AVAILABLE DATA:
........

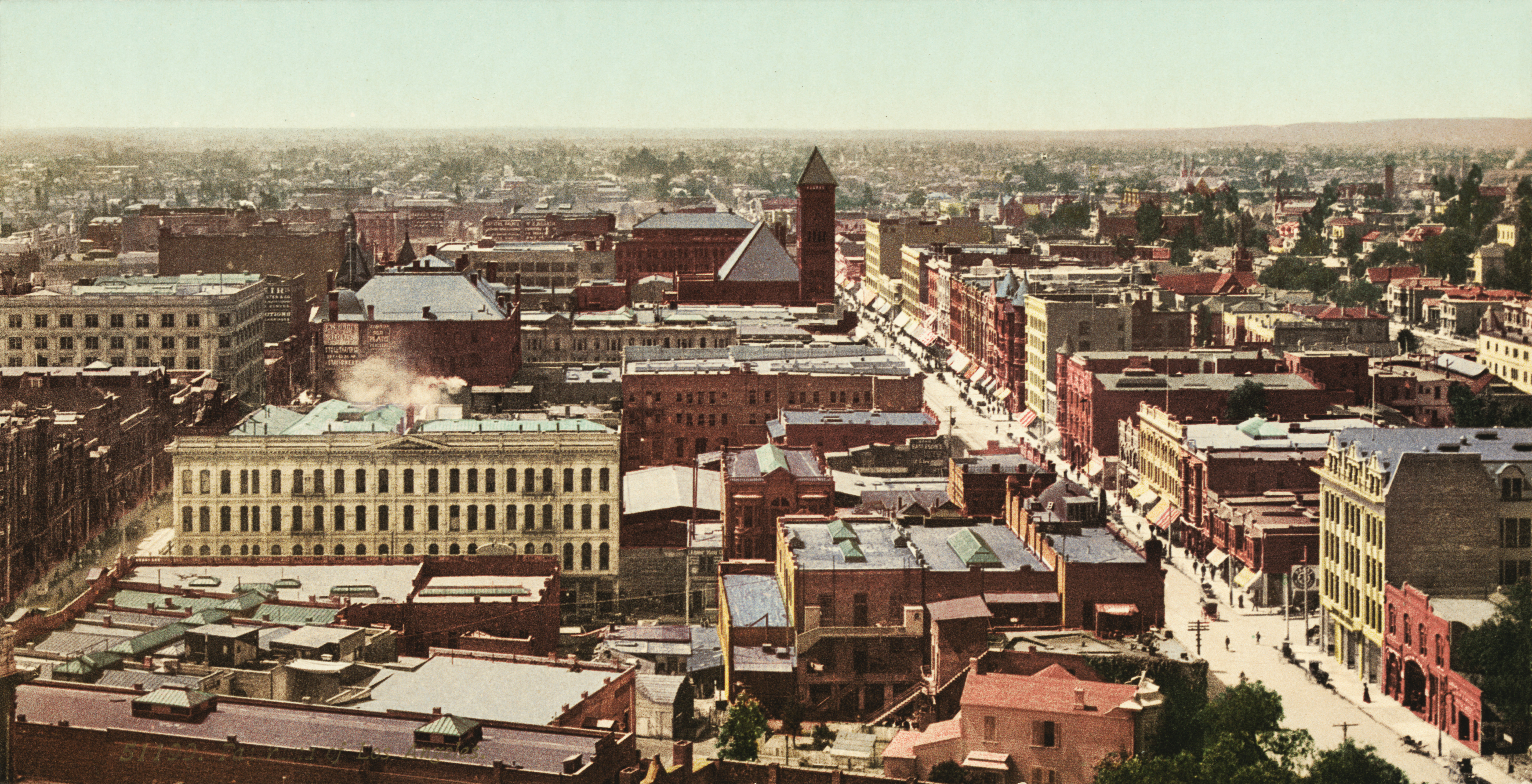 Panorama of Los Angeles. Detroit Publishing Co. no. "51199"
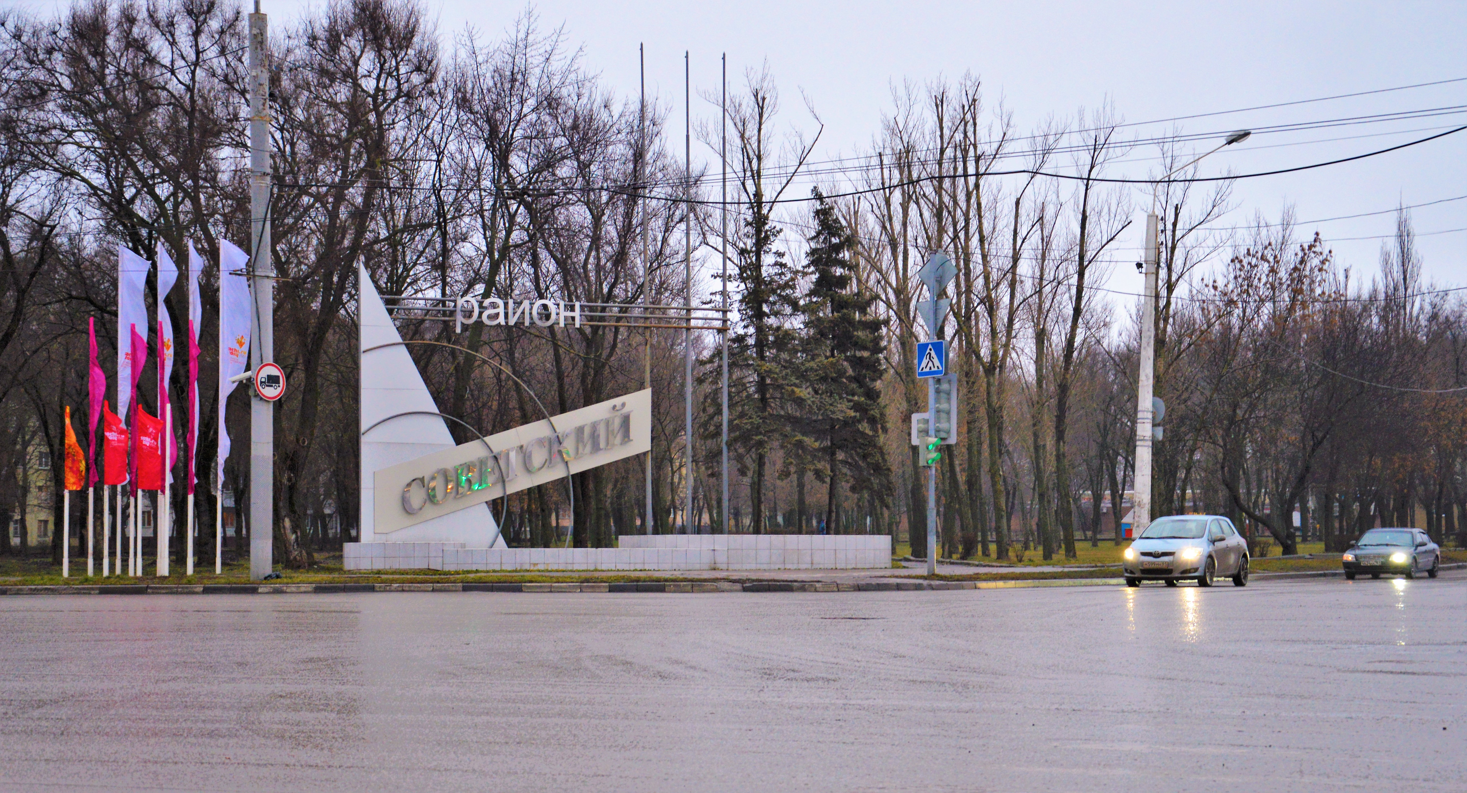 Divider at the border between Sovetskiy and Zheleznodorozhniy rayon of Rostov-on-Don. Rostov Oblast, Russia.
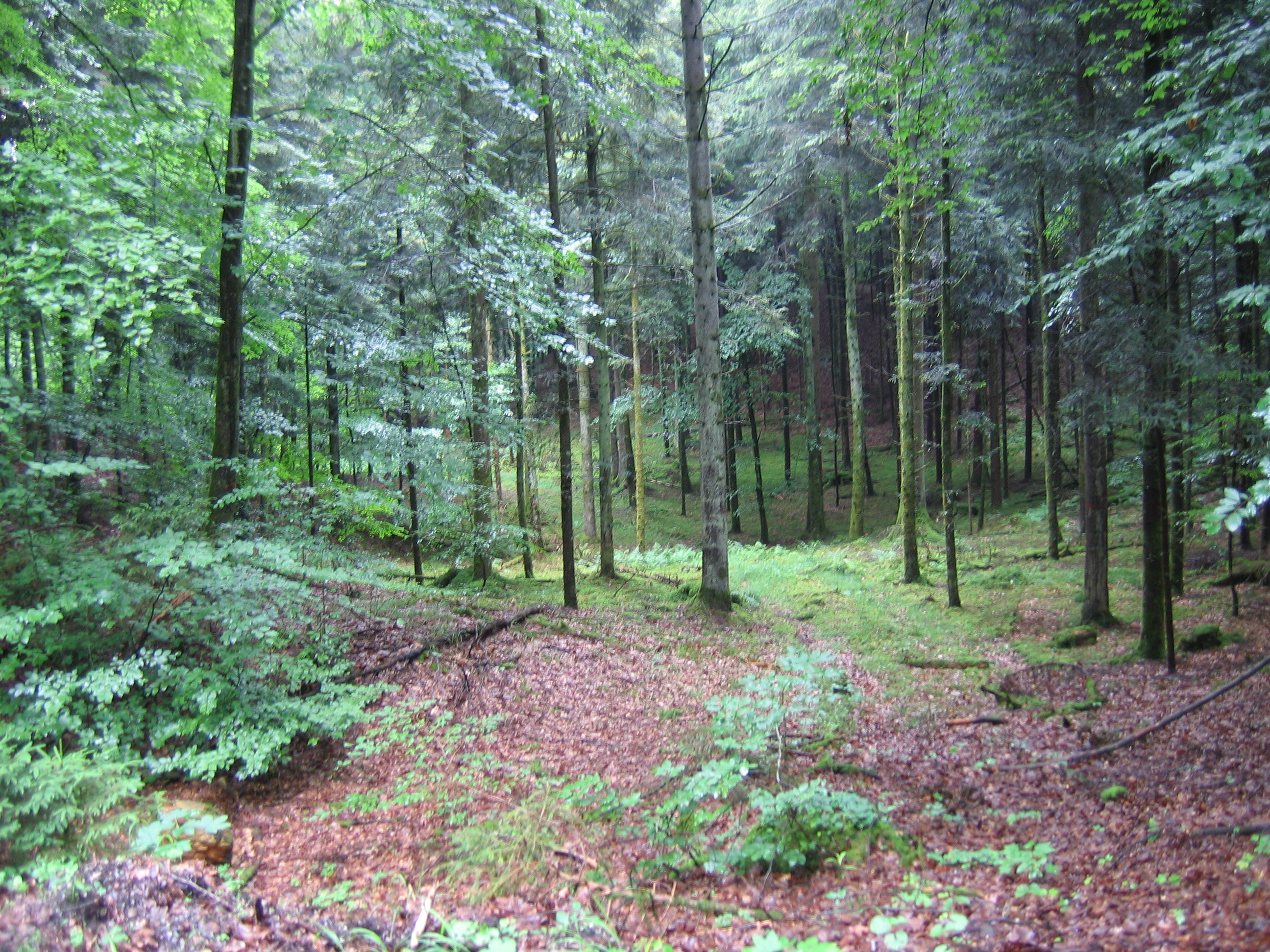 Germany - Baden-Württemberg - Bodenseekreis - Tettnang: kettle hole (landform)
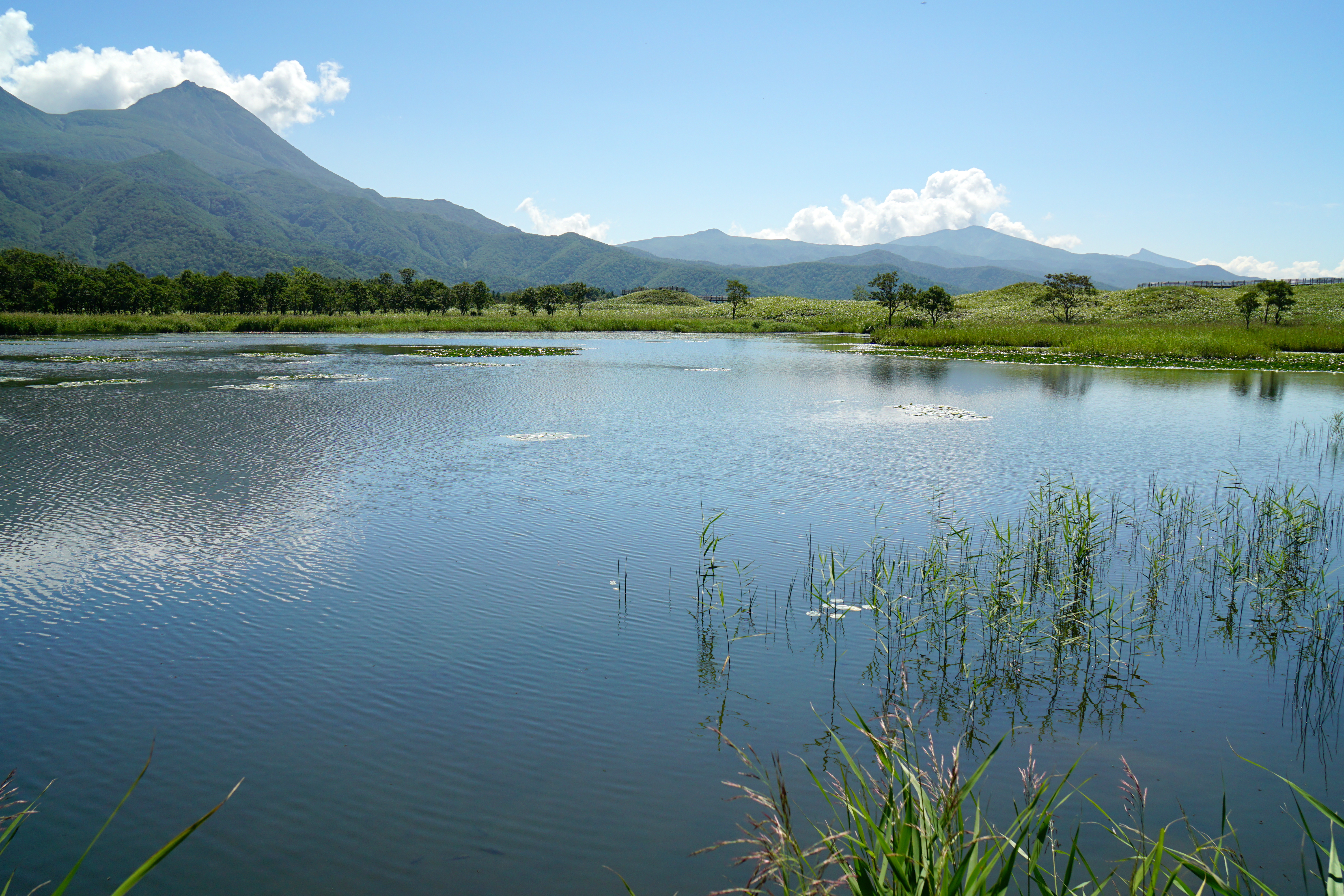 Lake Ichiko of Shiretoko Goko Lakes in Shari, Hokkaido prefecture, Japan.

........

ABOUT THIS EXERCISE: Omit the pictures and return exactly the lines from the line containing "Divider at the" through the final line of the material above, both ends included.

RESULT OF THE TASK:
 Divider at the border between Sovetskiy and Zheleznodorozhniy rayon of Rostov-on-Don. Rostov Oblast, Russia.
 Germany - Baden-Württemberg - Bodenseekreis - Tettnang: kettle hole (landform)
 Lake Ichiko of Shiretoko Goko Lakes in Shari, Hokkaido prefecture, Japan.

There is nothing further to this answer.